Instructions to follow -
Leave out every picture and set down, exactly, the lines below from the one holding "Conradus Dux Borensis acifus Monaci 1352." up to and including the one holding "Vente sur Offres".

Source data -
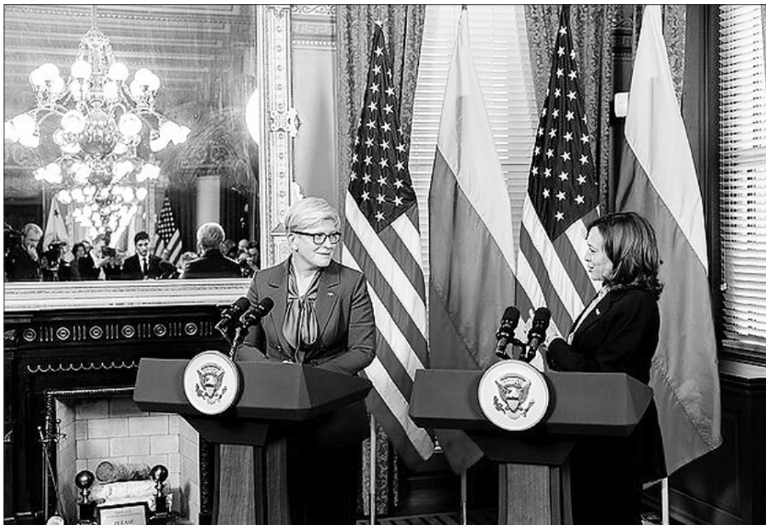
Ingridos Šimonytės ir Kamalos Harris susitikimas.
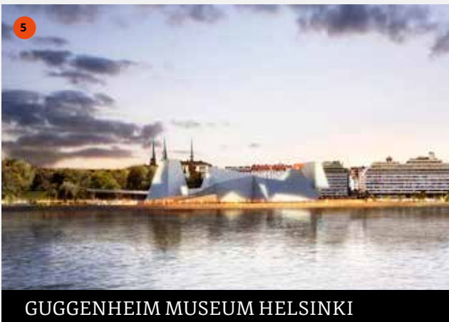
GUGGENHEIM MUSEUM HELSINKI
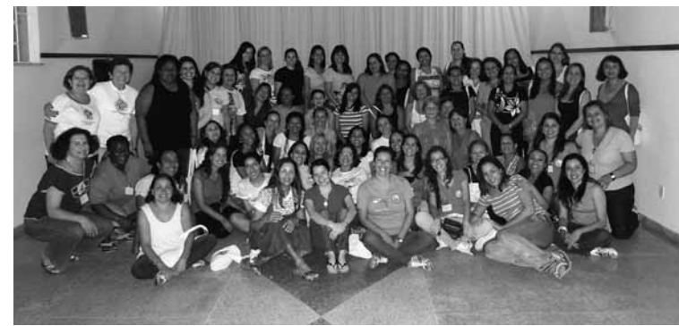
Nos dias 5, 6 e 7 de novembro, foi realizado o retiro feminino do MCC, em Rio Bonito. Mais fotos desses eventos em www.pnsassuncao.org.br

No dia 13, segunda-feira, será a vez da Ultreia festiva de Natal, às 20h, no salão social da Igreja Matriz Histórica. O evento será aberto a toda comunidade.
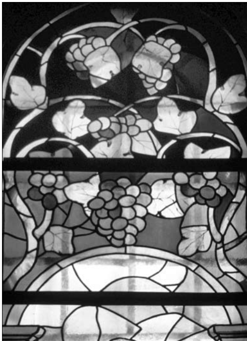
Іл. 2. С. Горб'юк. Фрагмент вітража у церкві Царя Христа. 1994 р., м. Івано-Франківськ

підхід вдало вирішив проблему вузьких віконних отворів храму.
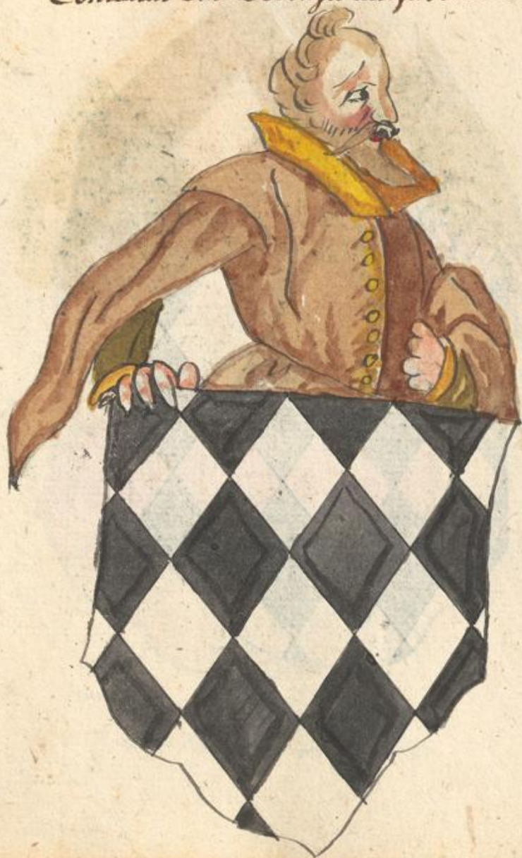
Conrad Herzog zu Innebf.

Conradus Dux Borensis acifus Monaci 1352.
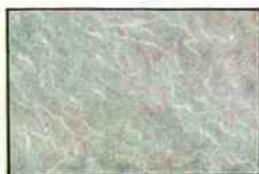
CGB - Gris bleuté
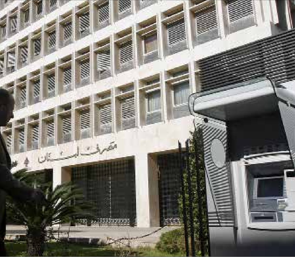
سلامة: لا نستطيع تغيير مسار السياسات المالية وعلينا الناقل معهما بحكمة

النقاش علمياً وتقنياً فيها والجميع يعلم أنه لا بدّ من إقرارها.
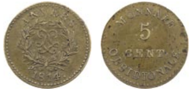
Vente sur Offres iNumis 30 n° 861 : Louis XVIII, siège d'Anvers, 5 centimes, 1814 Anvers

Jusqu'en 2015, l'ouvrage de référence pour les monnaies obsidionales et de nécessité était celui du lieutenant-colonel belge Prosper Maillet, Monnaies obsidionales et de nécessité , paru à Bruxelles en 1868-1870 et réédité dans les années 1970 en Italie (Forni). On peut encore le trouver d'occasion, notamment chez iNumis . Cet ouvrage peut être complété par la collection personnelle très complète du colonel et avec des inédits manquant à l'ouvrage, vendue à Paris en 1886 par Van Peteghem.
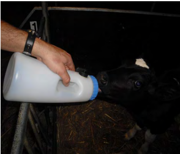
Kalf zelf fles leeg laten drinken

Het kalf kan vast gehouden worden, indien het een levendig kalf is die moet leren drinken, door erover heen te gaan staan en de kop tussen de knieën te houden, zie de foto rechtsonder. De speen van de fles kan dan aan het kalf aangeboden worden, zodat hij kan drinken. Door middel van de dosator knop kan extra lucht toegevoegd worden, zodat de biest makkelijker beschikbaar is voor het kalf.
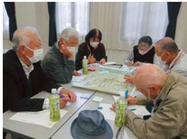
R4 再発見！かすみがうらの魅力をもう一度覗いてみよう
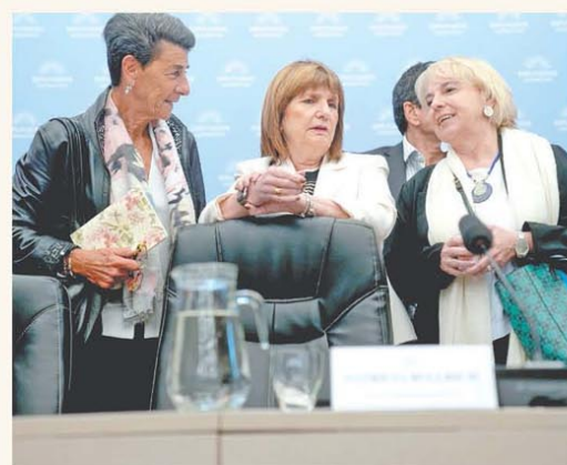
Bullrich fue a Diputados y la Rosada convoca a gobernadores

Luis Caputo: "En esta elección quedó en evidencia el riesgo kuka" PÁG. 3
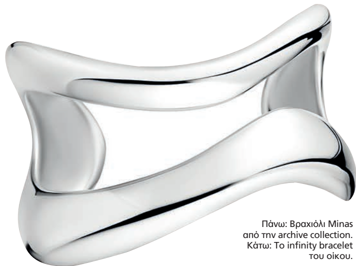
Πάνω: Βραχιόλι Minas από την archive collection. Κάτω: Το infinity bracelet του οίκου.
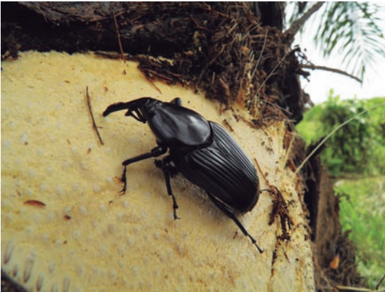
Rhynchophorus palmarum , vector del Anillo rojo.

==

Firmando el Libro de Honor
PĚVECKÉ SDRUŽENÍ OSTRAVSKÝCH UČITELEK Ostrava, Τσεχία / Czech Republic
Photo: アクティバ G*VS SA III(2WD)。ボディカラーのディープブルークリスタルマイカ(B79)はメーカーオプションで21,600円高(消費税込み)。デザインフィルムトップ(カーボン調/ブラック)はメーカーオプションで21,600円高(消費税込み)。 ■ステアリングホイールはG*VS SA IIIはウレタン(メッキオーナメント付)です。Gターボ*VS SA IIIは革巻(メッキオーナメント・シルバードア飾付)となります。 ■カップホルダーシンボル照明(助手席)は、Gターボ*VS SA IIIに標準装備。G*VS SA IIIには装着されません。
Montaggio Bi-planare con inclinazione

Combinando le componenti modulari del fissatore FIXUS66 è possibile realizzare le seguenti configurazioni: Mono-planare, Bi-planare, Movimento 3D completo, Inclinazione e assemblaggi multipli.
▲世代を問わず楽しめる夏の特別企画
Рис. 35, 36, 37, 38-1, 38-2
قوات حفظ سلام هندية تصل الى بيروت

* * *

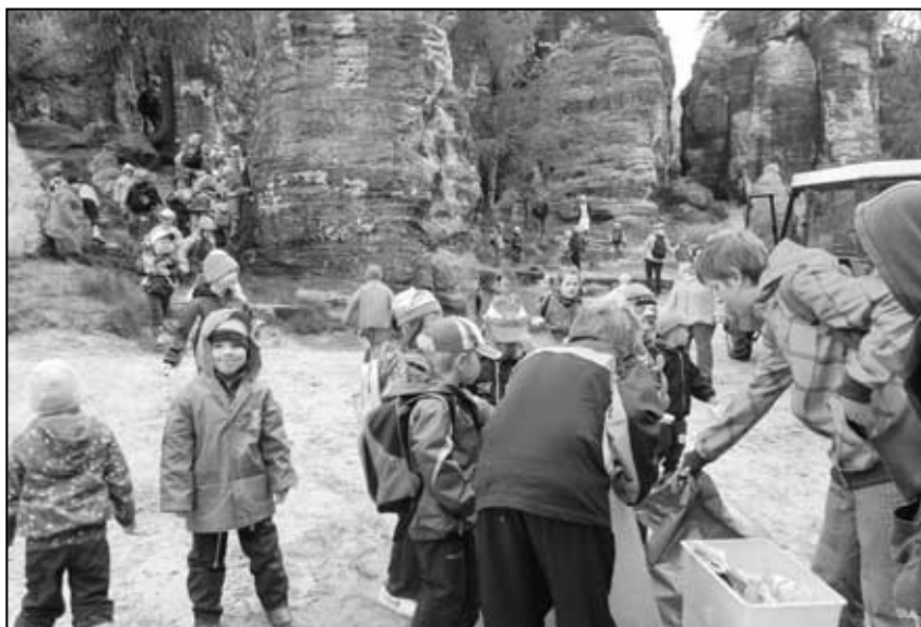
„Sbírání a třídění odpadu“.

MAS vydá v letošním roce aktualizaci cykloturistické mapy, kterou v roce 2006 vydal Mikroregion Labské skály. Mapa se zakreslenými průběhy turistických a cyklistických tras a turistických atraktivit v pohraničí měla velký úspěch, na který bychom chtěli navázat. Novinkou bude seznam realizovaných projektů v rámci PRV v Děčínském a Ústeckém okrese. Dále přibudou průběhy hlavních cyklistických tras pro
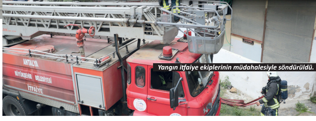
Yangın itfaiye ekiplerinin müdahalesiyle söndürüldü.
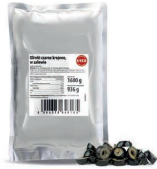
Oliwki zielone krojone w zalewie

Exercise output -
Conradus Dux Borensis acifus Monaci 1352.
CGB - Gris bleuté
سلامة: لا نستطيع تغيير مسار السياسات المالية وعلينا الناقل معهما بحكمة

النقاش علمياً وتقنياً فيها والجميع يعلم أنه لا بدّ من إقرارها.
Vente sur Offres iNumis 30 n° 861 : Louis XVIII, siège d'Anvers, 5 centimes, 1814 Anvers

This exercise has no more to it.